(WHAT IS NEEDED) Where the data below shows a picture, leave that picture out and copy the rest exactly.

(DATA SECTION)
[Start of section]
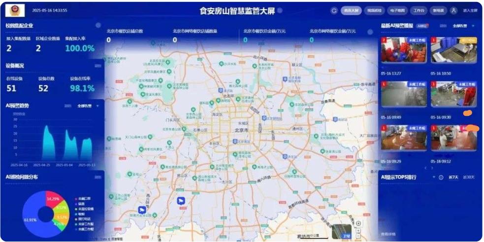 近日,房山區校園餐飲集配企業正式上線AI智能餐飲監管系統。該系統通過部署AI視覺識別攝像頭、物聯網傳感器及冷鏈物流溫濕度實時預警裝置,覆蓋后廚操作間、餐具消毒室、肉制品冷庫等全場景,動態監控食材貯存條件、操作規范、消毒時效等關鍵環節,并自動識別工作人員未穿戴工作服或口罩、食材過期、異物污染等30余類風險,實時推送預警至企業和監管部門,實現食品安全監管從傳統模式向AI智能化的跨越式升級。
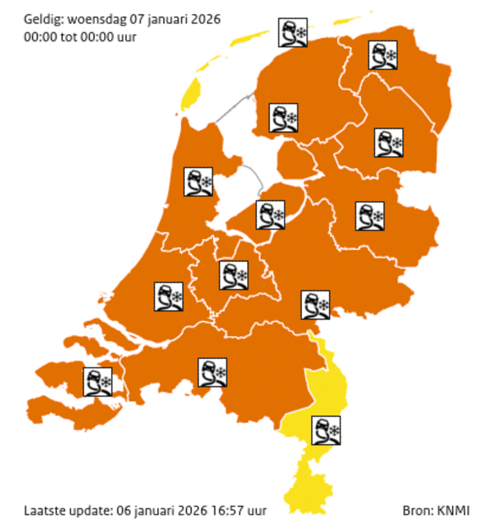 “De sneeuwzone begint woensdagochtend in het westen en breidt zich uit naar het oosten. In een brede kuststrook blijft er naar verwachting weinig sneeuw liggen en is de kans op gladheid minder groot. Verder landinwaarts verwachten we 3-5 cm, plaatselijk 5-7 cm. Code oranje geldt in het hele land, met uitzondering van Limburg en de Wadden. Daar blijft code geel van kracht voor gladheid.”
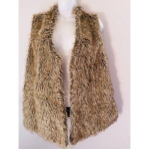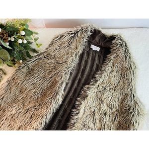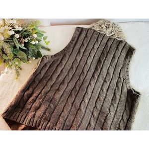 Stylish Brown Sleeveless Faux Fur Vest with cable knit sweater back.
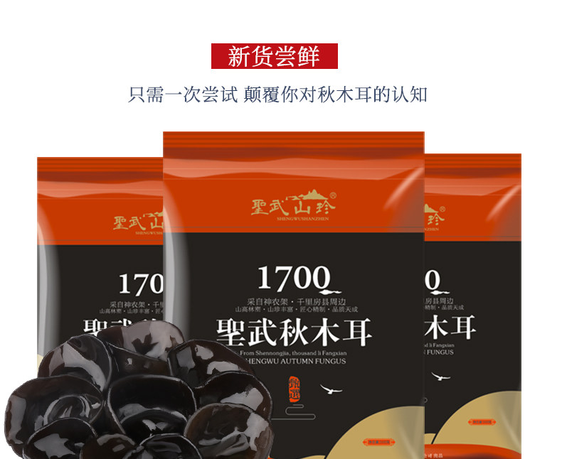 圣武山珍 Шеннонг Фангфанг округа Черный грибок Осенний гриб, без корневого мяса, не -северо -восточный черный гриб.
[End of section]
(PROBLEM SOLUTION)
 近日,房山區校園餐飲集配企業正式上線AI智能餐飲監管系統。該系統通過部署AI視覺識別攝像頭、物聯網傳感器及冷鏈物流溫濕度實時預警裝置,覆蓋后廚操作間、餐具消毒室、肉制品冷庫等全場景,動態監控食材貯存條件、操作規范、消毒時效等關鍵環節,并自動識別工作人員未穿戴工作服或口罩、食材過期、異物污染等30余類風險,實時推送預警至企業和監管部門,實現食品安全監管從傳統模式向AI智能化的跨越式升級。
 “De sneeuwzone begint woensdagochtend in het westen en breidt zich uit naar het oosten. In een brede kuststrook blijft er naar verwachting weinig sneeuw liggen en is de kans op gladheid minder groot. Verder landinwaarts verwachten we 3-5 cm, plaatselijk 5-7 cm. Code oranje geldt in het hele land, met uitzondering van Limburg en de Wadden. Daar blijft code geel van kracht voor gladheid.”
 Stylish Brown Sleeveless Faux Fur Vest with cable knit sweater back.
 圣武山珍 Шеннонг Фангфанг округа Черный грибок Осенний гриб, без корневого мяса, не -северо -восточный черный гриб.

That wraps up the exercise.